Osteoarthritis, also referred to as degenerative joint disease, can be either primary or secondary. Primary osteoarthritis is usually due to the aging process. The reality of life is that we are mechanical in nature, and all of our parts are subject to wear and tear. Eventually the parts just wear out. How fast the parts wear out is up to us to a large degree. If you buy a new car and take great care of it, 25 years later you have a classic car. If you take good care of your body in your 60s, 70s and beyond, you will be a classic.

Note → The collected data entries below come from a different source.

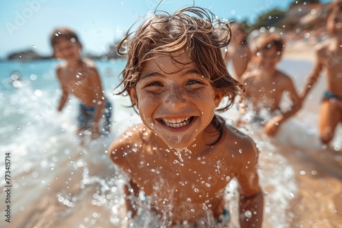 Obraz premium Kinder am Urlaubsstrand, made by AI
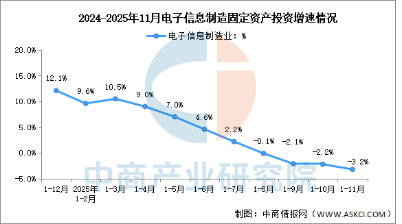 1—11月,电子信息制造业固定资产投资同比下降3.2%,较1—10月回落1个百分点,比同期工业投资增速低7.2个百分点。
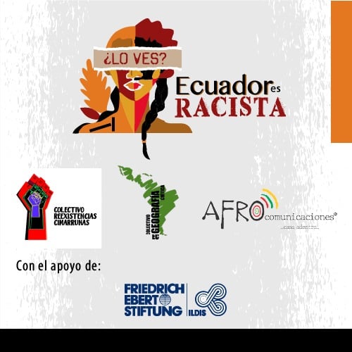 Las colectivas AfroComunicaciones Ec., Re-existencia Cimarruna y Geografía Crítica Ecuador, con el apoyo de Friedrich Ebert Stiftung Ecuador FES – ILDIS, motivadas por la profundización de las desigualdades durante la pandemia, nos hemos juntado para lanzar una campaña antirracista en base a nuestras investigaciones sobre distintos aspectos del racismo estructural en Ecuador. Síguenos en nuestras redes sociales y súmate a esta minga antirracista: difunde, comparte y comenta:
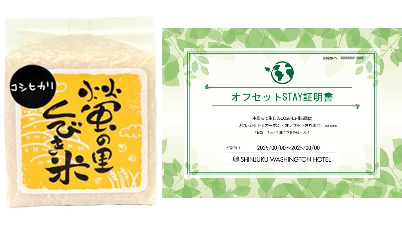 新宿ワシントンホテル本館・ANNEX(別館)(東京都新宿区、総支配人:和田修治)は、ホテル業界初となる農業由来のJ-クレジットを活用した宿泊プラン「農業応援 CO₂ゼロSTAY🄬プラン」を2025年6月10日(火)より販売開始します。宿泊で生じるCO₂排出量を実質ゼロにできるとともに、特典として「蛍の里くびき米」(新潟県産コシヒカリ)2合および「オフセットSTAY証明書」を贈呈します。
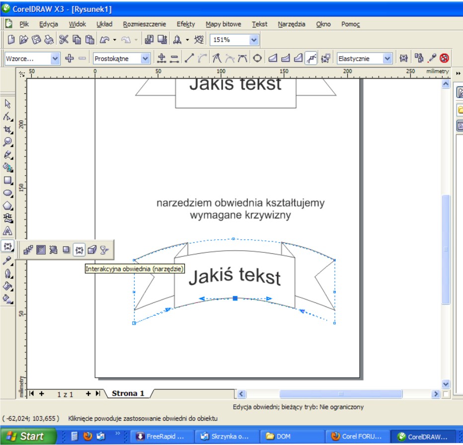 Otwieram kształty podstawowe/gwiazdy i wybieram jedną z dwóch wstęg. Jak je zaokrąglić? i przy okazji tekst wpisany w nie?
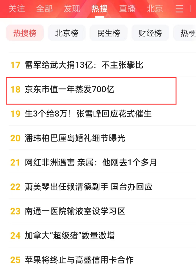 “京東市值一年蒸發(fā)700億”沖上百度熱搜
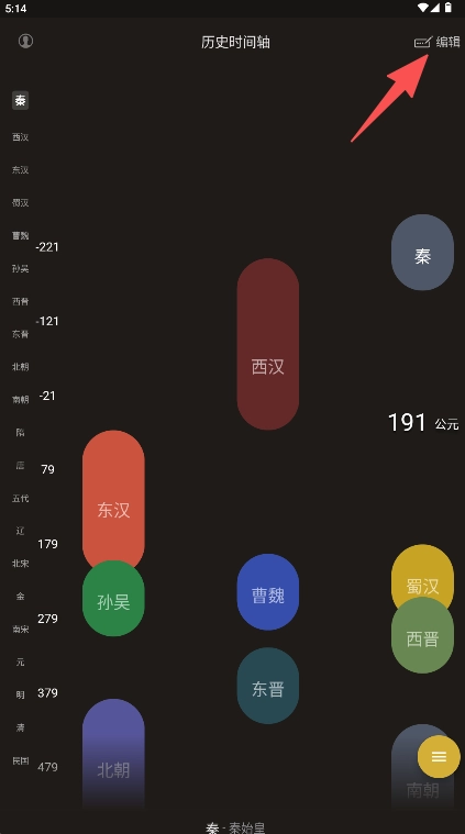 1、在时间轴主界面点击右上角的“编辑”按钮,即可进入编辑模式。
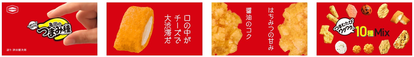津田さんを起用した新CMのテーマは「多種多彩、つまむたびワクワク。」です。そのテーマのもと制作された新CM『亀田のつまみ種 つまむたびワクワク篇』 『午後のつまみ種 つまむたびワクワク篇』 は、9月9日(月)より全国で順次放送開始いたします。新CMは『亀田のつまみ種』を一粒ずつ超接写で撮影し、インパクトのある“おいしさ”を表現しています。さらに津田健次郎さんの“声”で語られるユニークなコメントや、サクッ!カリッ!ザクザクといった聴覚を刺激する効果音など、目でも耳でも楽しめる『亀田のつまみ種』の“多種多彩”な魅力が詰まった内容となっています。

Secondary osteoarthritis can be from a direct trauma to the area, such as a sports=related injury or something like a motor vehicle accident. Patients who have had to have complex surgery to repair an athletic injury may experience an acceleration of osteoarthritis later in life. This rate of arthritic development has reduced as the precision of surgical procedures has improved. Look at the difference between Joe Namath having knee surgery in the 1960s and Adrian Peterson having knee surgery in 2016. There were two very different outcomes, and while Joe Namath has already had a total knee replacement, we are yet to see the long-term outcome of Adrian Peterson. Patients who play physical sports such as ice hockey, football, wrestling, etc. may have an accelerated path to osteoarthritis of the spine. While physical conditioning helps reduce the onset of osteoarthritis, the repeated trauma cannot be reversed, only slowed.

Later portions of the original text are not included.